Sub-Saharan Africa has large potential for hydropower generation, but is yet to exploit it. Pictured here is the Kariba Dam. Credit: Kristin Palitza/IPS

By Carey L. Biron
WASHINGTON, Jul 21 2014 (IPS)

Pressure is building here for lawmakers to pass a bill that would funnel billions of dollars of U.S. investment into strengthening Africa’s electricity production and distribution capabilities, and could offer broad new support for off-grid opportunities.

With half of the U.S. Congress having already acted on the issue, supporters are now hoping that the Senate will follow suit before a major summit takes place here during the first week of August. That event is expected to include heads of state or representatives from as many as 50 African countries."We could see an energy revolution that looks similar to what happened with mobile phones – leapfrogging centralised systems altogether and moving towards transformative solutions.” -- Justin Guay

The summit, the first time that such an event has been organised in Washington, will focus in particular on investment opportunities. As such, many are hoping that the three-day event’s centrepiece will be President Barack Obama’s signing of a broad investment deal aimed at Africa’s power sector.

“The overwhelming majority of the African leaders are going to be coming to Washington emphasising trade and investment, and in that context this issue is very central to their many constituencies – touching on economic, political and social issues,” Ben Leo, a senior fellow at the Center for Global Development, a think tank here, told IPS.

“Coming forward with something concrete that will lead to additional capital, tools or engagement will be noticed and welcomed. But lack thereof would also have a message for African leaders and others travelling to Washington.”

A U.S. Senate subcommittee did pass a bill, called the Energize Africa Act, late last month, but much remains to be done. The legislation now needs to be voted on by the full Senate, after which the final proposal would have to be brought into alignment with a similar bill voted through by the House of Representatives in May.

Meanwhile, the entire Congress is scheduled to go into recess for a month at the end of July. Still, backroom talks are reportedly well underway.

“There’s growing pressure and momentum in the Senate, as well as a growing appreciation of how doing this is both strategic and important,” Leo says. “Not having a bill to sign would certainly be a missed opportunity in terms of the optics and concreteness of action, either before or when everyone’s in Washington.”

Some 68 percent of the sub-Saharan population lacks access to electricity. Both the House and Senate bills would seek to assist African countries in expanding basic electricity access to some 50 million people.

“Our support for this bill is a direct response to what we hear from African leaders, citizens and global development experts,” Tom Hart, U.S. executive director of ONE, an advocacy group that focuses on eliminating poverty in Africa and has mounted a major campaign in favour of the Senate bill, said in a statement.

“[O]ne of the biggest challenges for overcoming extreme poverty is the inability for millions of people to access the basic electricity necessary to power health clinics, farms, schools, factories and businesses.”

Beyond the grid

The current legislative push comes a year after President Obama unveiled a new initiative called Power Africa, proposed during his June 2013 trip to the continent. Seen as the president’s signature development plan for the region, Power Africa aims to double energy access in sub-Saharan countries through a mix of public and private investment.

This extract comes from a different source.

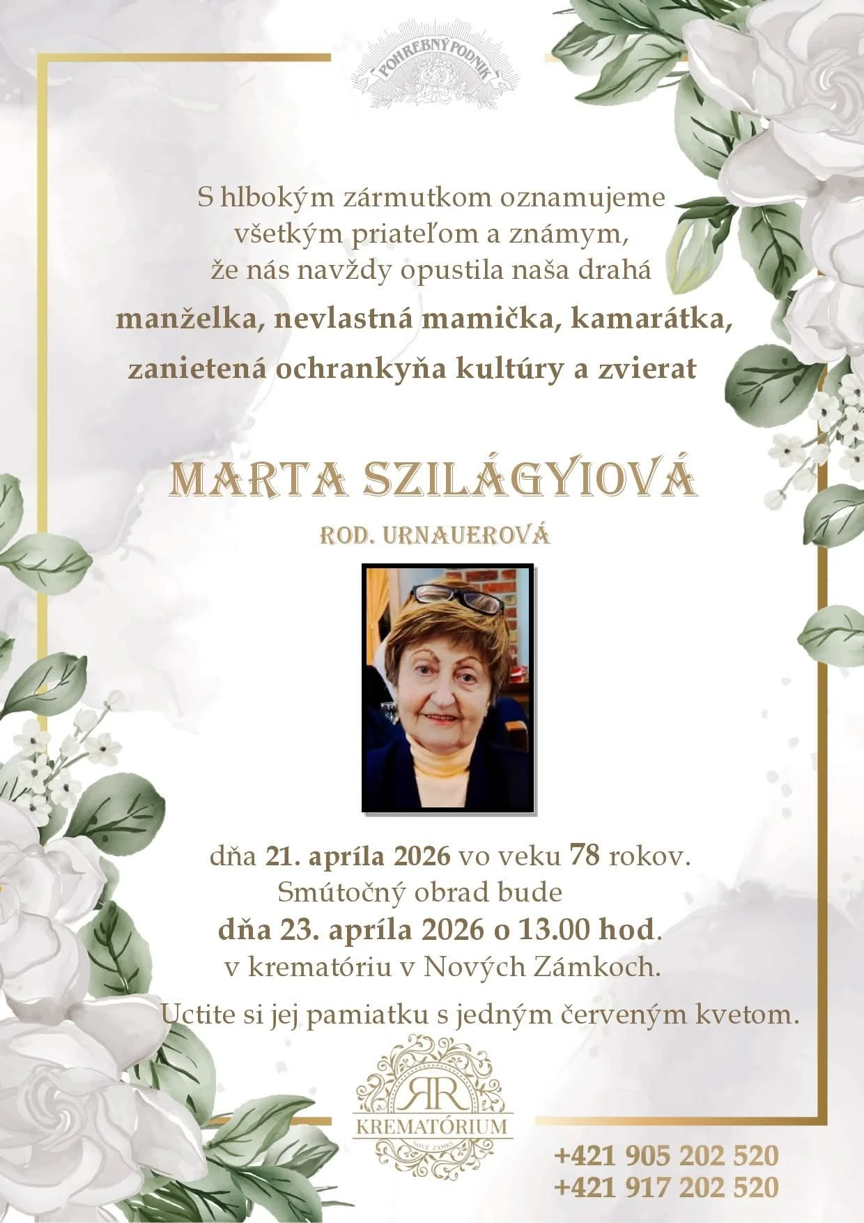 Posledná rozlúčka s pani Martou sa uskutoční vo štvrtok 23. apríla o 13:00 hodine v krematóriu v Nových Zámkoch. Smútiaca rodina zároveň vyzvala verejnosť, aby si jej pamiatku uctila symbolicky: „Uctite si jej pamiatku jedným červeným kvetom.“

While Power Africa is ambitious, its long-term impact greatly depends on the legislation currently under debate.

For instance, while Power Africa directly affects just six countries, the bills before Congress take a continental approach. Likewise, as an executive-level project, the initiative’s policy priorities can only be cemented through full legislation.

Power Africa initially came under significant fire from environmental and some development groups for its reliance on fossil fuel (particularly natural gas) and centralised power projects. Many groups say that such a focus is ultimately counterproductive for poor and marginalised communities.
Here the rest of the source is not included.